[Problem statement] Of the entries below, restate word for word only the section that runs from the line with "Two women are" to the line with "Anpfiff und schon", counting both ends.

[Material for this exercise]
----

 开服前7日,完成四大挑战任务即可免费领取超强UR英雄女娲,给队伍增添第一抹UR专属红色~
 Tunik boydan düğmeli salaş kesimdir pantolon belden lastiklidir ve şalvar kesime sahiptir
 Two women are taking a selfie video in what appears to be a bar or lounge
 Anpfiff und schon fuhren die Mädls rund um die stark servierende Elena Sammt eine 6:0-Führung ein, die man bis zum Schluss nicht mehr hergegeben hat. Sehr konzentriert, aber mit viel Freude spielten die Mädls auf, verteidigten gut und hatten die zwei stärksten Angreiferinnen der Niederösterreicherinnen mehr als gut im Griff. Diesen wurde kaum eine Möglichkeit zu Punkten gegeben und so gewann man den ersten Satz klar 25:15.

----

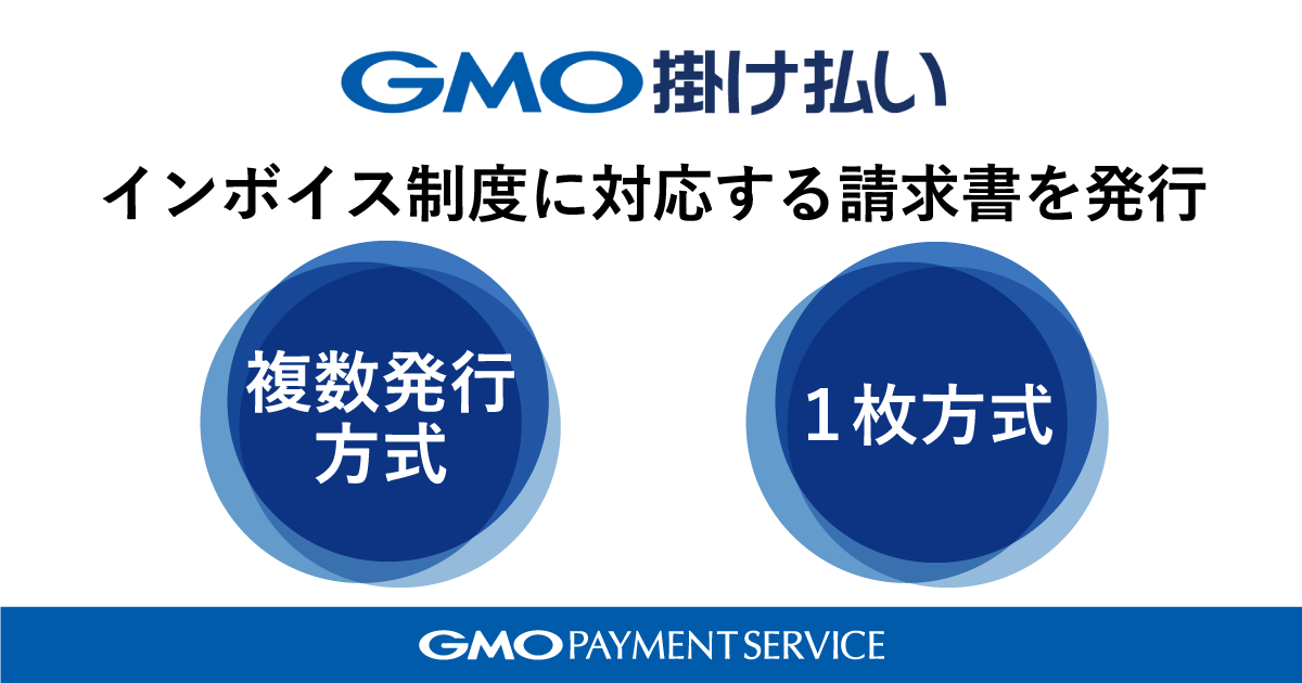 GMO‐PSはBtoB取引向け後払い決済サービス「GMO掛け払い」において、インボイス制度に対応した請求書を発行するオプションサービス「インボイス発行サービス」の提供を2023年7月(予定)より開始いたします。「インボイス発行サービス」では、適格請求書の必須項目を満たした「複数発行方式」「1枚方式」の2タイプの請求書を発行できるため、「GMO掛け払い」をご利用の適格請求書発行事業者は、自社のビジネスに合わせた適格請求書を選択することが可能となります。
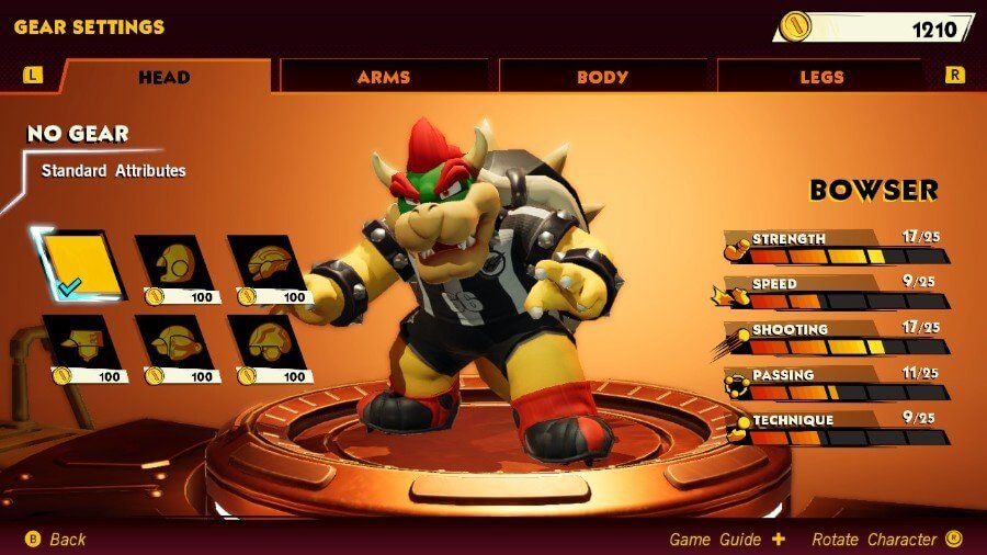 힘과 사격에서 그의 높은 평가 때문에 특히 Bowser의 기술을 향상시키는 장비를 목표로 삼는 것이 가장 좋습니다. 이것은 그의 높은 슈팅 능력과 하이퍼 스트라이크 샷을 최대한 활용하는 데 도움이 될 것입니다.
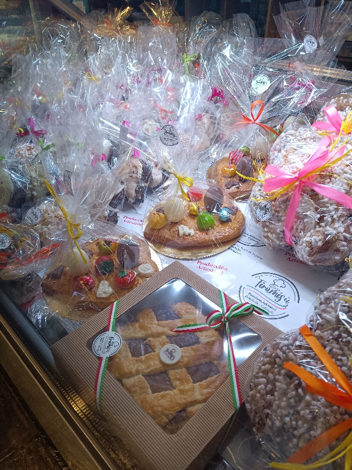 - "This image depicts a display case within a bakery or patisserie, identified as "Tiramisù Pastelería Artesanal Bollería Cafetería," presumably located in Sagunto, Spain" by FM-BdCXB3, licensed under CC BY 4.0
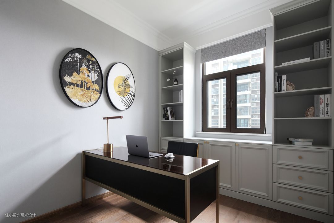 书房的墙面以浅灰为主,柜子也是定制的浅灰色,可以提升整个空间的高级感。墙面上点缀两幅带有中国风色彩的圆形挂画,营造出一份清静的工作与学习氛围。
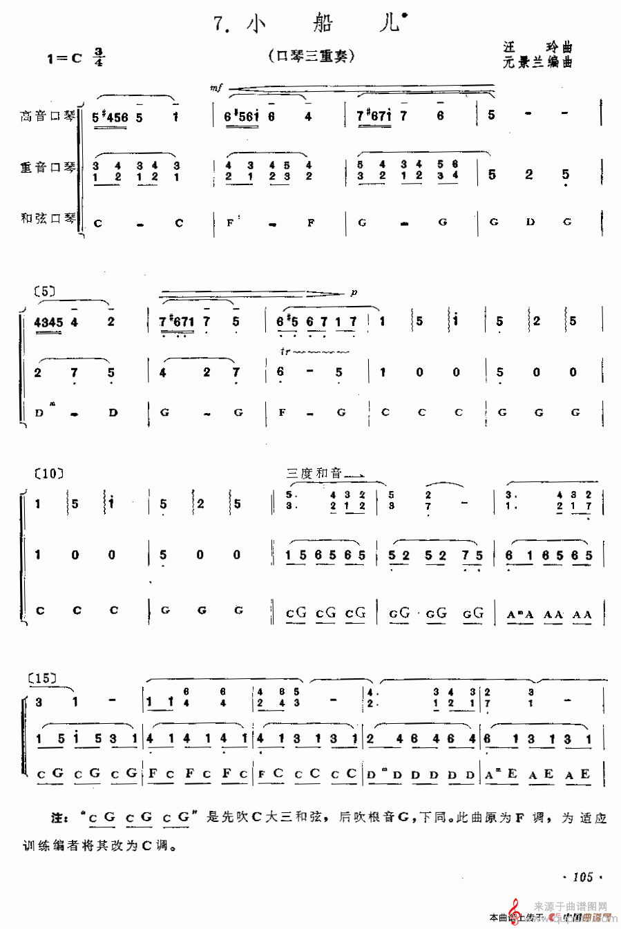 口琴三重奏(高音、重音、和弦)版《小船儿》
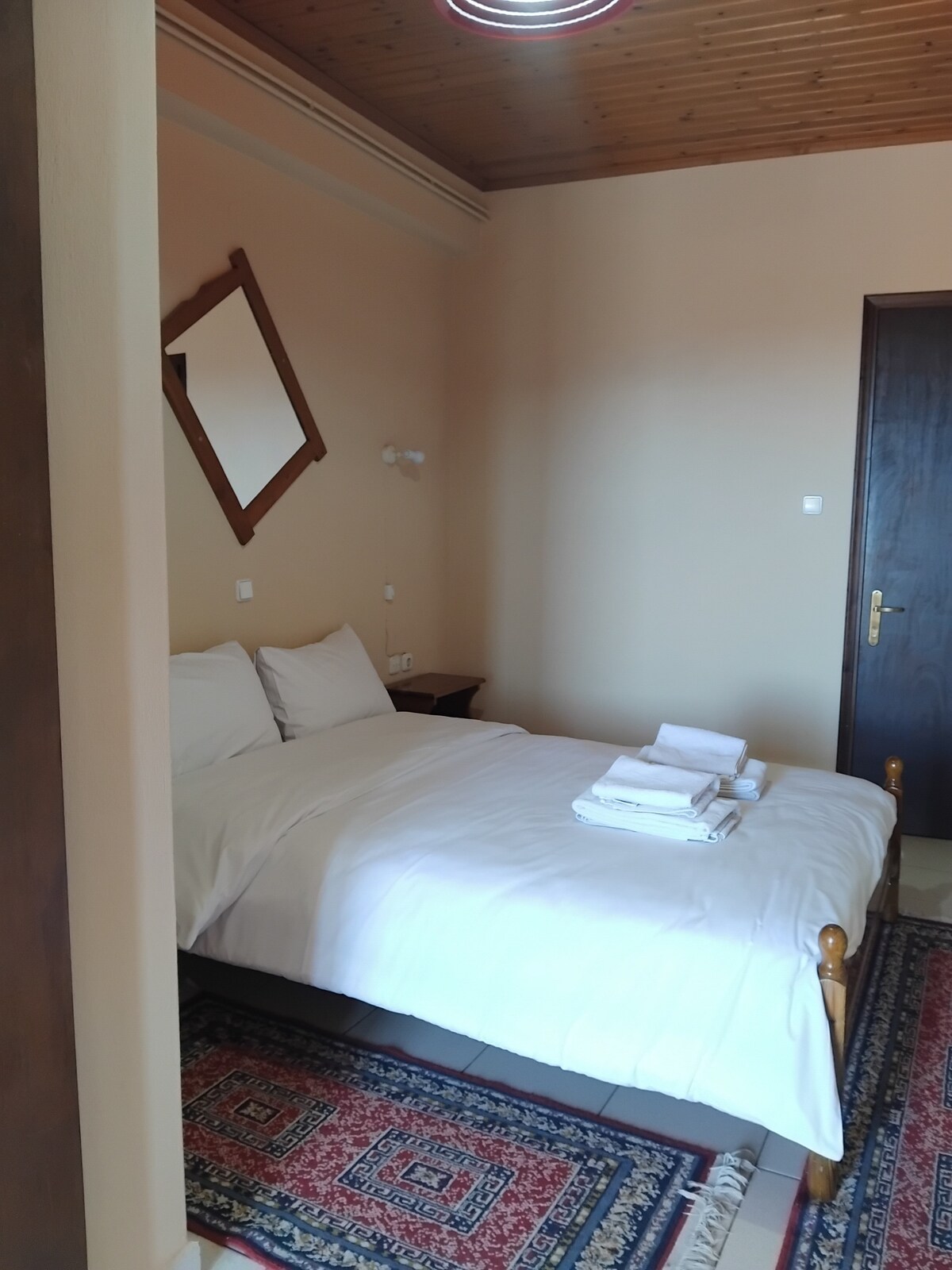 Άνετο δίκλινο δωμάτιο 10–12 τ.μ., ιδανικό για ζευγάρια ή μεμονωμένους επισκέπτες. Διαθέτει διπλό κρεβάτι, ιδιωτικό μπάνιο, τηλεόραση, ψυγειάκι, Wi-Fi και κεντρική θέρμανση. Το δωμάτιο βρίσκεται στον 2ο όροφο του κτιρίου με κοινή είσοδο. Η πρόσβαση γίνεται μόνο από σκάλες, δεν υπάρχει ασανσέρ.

----

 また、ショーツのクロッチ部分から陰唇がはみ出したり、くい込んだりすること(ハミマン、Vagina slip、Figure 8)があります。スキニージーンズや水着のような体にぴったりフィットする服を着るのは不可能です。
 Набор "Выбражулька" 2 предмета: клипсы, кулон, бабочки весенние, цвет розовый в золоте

----

[Answer to this exercise]
 Two women are taking a selfie video in what appears to be a bar or lounge
 Anpfiff und schon fuhren die Mädls rund um die stark servierende Elena Sammt eine 6:0-Führung ein, die man bis zum Schluss nicht mehr hergegeben hat. Sehr konzentriert, aber mit viel Freude spielten die Mädls auf, verteidigten gut und hatten die zwei stärksten Angreiferinnen der Niederösterreicherinnen mehr als gut im Griff. Diesen wurde kaum eine Möglichkeit zu Punkten gegeben und so gewann man den ersten Satz klar 25:15.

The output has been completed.